Hi. I am about to move to AZ in Jan. I am a Nationally Registered and Texas registered paramedic. I was reading that AZ doesn't accept NR and that I have to take the AZ ALS refresher and then the AZ test. Does anyone have any advice? Is it a difficult test. I took the NR test 4 1/2 years ago and never wanted to take another test. I also was told that paramedics are very restricted in what they can do there. I am not sure where to research this. I will be moving to Sierra Vista and am looking for a the refresher course if anyone has any info. Thanks for any advice!

Amber


----------



## John E (Aug 24, 2008)

*Simple...*

Contact the Arizona dept. of health or the state office for emergency preparedness if you want to know the actual requirements and limits. 
Otherwise you're gonna get a lot of "I think..." and "somebody told me..." responses here. 
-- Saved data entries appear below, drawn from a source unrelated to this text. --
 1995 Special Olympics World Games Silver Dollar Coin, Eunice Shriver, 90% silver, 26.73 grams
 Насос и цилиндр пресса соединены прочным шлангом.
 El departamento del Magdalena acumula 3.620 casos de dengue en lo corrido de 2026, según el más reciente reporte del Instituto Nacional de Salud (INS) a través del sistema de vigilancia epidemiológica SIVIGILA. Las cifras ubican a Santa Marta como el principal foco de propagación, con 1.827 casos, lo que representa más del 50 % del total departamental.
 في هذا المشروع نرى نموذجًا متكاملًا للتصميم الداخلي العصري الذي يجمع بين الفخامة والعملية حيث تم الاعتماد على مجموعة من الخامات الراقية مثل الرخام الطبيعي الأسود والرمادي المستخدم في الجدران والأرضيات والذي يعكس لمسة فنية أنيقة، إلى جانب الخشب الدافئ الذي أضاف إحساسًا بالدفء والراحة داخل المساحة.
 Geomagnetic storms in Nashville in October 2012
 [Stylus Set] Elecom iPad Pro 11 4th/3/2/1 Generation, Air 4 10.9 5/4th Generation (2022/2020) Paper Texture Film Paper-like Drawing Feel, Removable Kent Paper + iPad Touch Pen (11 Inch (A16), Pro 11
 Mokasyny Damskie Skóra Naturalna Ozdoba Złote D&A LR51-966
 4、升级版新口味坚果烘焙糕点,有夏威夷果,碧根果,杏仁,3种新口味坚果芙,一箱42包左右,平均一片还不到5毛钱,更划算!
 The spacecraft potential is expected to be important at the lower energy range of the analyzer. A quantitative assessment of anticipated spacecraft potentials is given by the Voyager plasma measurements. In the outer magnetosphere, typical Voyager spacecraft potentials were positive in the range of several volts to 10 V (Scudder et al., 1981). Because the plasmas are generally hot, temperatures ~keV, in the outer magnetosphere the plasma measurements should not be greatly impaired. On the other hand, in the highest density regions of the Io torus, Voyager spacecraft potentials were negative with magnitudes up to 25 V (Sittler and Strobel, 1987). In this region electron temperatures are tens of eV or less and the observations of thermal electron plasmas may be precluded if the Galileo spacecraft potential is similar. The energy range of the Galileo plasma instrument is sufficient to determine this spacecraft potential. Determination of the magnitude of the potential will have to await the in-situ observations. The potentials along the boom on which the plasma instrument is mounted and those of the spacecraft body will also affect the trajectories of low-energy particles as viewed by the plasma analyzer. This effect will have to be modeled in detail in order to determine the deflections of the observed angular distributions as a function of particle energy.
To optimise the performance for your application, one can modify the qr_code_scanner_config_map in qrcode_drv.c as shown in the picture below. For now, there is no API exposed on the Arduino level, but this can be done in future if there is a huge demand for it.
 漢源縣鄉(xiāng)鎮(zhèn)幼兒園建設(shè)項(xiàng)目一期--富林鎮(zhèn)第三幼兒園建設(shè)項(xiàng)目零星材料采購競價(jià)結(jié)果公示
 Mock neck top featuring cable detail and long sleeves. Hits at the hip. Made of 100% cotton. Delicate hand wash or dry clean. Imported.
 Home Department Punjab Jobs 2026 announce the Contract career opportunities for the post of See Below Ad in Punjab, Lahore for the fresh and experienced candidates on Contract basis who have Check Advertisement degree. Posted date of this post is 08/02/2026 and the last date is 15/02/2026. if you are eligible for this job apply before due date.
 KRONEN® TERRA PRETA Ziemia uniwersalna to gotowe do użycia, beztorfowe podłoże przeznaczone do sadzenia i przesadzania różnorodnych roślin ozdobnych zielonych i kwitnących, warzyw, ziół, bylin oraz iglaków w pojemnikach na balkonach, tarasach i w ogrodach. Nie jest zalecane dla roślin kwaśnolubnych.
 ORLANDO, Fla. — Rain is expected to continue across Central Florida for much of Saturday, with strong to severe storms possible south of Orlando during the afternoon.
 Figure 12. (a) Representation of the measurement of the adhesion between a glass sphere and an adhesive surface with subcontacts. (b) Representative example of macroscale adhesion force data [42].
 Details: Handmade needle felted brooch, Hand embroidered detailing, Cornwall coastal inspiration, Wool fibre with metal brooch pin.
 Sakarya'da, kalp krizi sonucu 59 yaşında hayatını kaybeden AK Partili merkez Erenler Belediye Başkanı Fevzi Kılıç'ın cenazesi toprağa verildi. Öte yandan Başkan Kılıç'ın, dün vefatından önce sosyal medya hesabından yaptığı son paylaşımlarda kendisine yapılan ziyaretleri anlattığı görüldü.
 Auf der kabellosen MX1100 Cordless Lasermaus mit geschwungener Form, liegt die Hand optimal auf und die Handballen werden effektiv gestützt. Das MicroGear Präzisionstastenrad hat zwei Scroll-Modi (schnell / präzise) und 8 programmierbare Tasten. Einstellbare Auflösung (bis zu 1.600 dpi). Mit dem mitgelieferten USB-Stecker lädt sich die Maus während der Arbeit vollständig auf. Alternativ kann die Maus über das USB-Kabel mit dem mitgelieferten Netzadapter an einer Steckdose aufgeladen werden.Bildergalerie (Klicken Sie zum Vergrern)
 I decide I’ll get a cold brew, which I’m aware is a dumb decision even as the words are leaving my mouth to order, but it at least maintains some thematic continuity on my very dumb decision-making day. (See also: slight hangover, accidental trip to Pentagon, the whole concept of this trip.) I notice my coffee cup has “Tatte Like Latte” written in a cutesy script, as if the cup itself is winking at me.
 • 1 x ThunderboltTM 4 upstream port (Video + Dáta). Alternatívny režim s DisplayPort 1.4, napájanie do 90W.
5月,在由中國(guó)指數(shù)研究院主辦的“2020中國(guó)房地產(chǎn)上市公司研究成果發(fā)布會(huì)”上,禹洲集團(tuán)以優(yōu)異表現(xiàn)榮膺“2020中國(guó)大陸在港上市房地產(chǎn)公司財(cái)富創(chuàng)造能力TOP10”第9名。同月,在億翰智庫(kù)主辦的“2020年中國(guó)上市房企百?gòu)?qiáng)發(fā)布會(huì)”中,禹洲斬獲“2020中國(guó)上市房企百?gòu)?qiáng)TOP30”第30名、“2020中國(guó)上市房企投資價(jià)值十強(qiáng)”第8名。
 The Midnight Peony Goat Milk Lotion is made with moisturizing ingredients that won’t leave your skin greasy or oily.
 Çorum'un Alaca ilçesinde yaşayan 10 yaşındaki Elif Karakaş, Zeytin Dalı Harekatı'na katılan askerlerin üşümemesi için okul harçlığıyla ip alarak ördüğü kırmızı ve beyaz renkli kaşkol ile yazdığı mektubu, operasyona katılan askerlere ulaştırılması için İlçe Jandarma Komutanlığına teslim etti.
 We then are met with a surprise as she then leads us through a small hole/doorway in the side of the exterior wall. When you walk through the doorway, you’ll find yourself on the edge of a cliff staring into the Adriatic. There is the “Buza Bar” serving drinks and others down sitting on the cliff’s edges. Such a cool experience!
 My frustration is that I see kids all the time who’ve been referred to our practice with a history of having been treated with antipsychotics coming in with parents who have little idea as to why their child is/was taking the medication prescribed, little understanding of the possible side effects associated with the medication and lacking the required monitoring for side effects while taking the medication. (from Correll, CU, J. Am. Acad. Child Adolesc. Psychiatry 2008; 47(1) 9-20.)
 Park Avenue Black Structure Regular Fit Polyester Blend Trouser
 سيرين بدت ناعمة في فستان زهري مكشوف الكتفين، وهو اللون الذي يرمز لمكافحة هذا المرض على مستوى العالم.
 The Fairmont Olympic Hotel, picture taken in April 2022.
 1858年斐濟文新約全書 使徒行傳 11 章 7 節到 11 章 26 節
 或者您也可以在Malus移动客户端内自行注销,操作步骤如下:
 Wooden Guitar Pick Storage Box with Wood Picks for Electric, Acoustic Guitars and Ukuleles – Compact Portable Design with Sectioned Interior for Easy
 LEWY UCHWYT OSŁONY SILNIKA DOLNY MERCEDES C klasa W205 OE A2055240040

It's your career, wouldn't you rather get the information from the people who actually know it?

John E.


----------



## Jeremy89 (Aug 24, 2008)

ambrosia_d said:


> Hi. I am about to move to AZ in Jan. I am a Nationally Registered and Texas registered paramedic. I was reading that AZ doesn't accept NR and that I have to take the AZ ALS refresher and then the AZ test. Does anyone have any advice? Is it a difficult test. I took the NR test 4 1/2 years ago and never wanted to take another test. I also was told that paramedics are very restricted in what they can do there. I am not sure where to research this. I will be moving to Sierra Vista and am looking for a the refresher course if anyone has any info. Thanks for any advice!
> 
> Amber



All I had to provide for my state cert was a copy of my NR cert, as well as a certificate of class completion.  Did you let the NR expire?  If so, I think the refresher is required.  As the previous poster said, call DHS and they'll let ya know what needs to be done.

good luck!
jeremy


----------



## MMiz (Aug 24, 2008)

I googled "Arizona EMS Reciprocity" and got this:



> Arizona does not have reciprocal agreements for EMT certification with  			any other state or jurisdiction.  However, if you have current EMT  			certification or licensure in another state or jurisdiction, have  			current NREMT registration, or have current NREMT reregistration  			eligibility, you may apply for initial two-year Arizona EMT  			certification after completing an Arizona ALS refresher or EMT-B  			refresher rather than an Arizona EMT-B, EMT-I(99), or EMT-P course.   			The requirements for initial two-year EMT certification are provided  			in R9-25-404, available 			 			here.
> In addition, if you hold current NREMT registration as an EMT-Basic or  			EMT-Paramedic, but have not yet completed an Arizona ALS refresher  			or EMT-B refresher, you may apply for one temporary 6-month EMT-B or  			EMT-P certification.  Temporary 6-month EMT certification may be  			extended for 18 months after an EMT completes an Arizona ALS  			refresher or EMT-B refresher.  The requirements for temporary  			certification are provided in R9-25-405, available 			 			here.


----------